The cost of rebuilding does not have to include the land cost, because you already own that. In some cases, the cost to replace your home is less or more than what you paid for it. Get an estimate based on what builders in your local area charge per square foot.
You want homeowner’s insurance that also protects you if there are any injuries on your property. Renter’s insurance is another type of property insurance, covering personal belongings and liability as well as additional living expenses for covered losses.
Life insurance pays a sum of cash that is often tax-free in the event of the policyholder’s death. The beneficiaries you name in your policy get that cash and use it to make up for income loss stemming from your death. Beneficiaries can also use a death benefit to cover end-of-life expenses.
There are two primary types of life insurance. The first is term life insurance. You might also see this called pure life insurance. This type of insurance provides protection to your loved ones if you die in a certain period.
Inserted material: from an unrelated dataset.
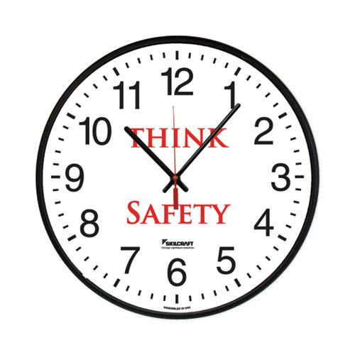 6645016986558 SKILCRAFT Safety Message Quartz Wall Clock, Think Safety, 12.75" Overall Diameter, 1 AA (sold separately)

The policies usually last anywhere from 10 to 30 years, and then you can renew the policy or convert it to whole life insurance. You can also end it if you choose at that time. Whole life insurance is permanent life insurance, and it is available for your lifetime.
Term life insurance is preferable for many people. This is because it is easy to get and it is relatively affordable. As you get older, the price of life insurance premiums goes up.
If you get long-term care insurance, it helps to cover the costs of care, like nursing home care or moving to an assisted living facility. Sometimes long-term care insurance also has coverage for specific things like helping with basic daily tasks.
Finally, if you are a business owner, make sure you have business insurance. This protects you against property damage, lawsuits, thefts, and other situations that are risks of owning a business.
There are many different types of business insurance policies. One of the most basic and foundational is a business owner’s policy, combining the most important types of insurance for a small business. A business owner’s policy might include general liability coverage and commercial property insurance, for example. Then, if your company grows, you might add on to your insurance coverage.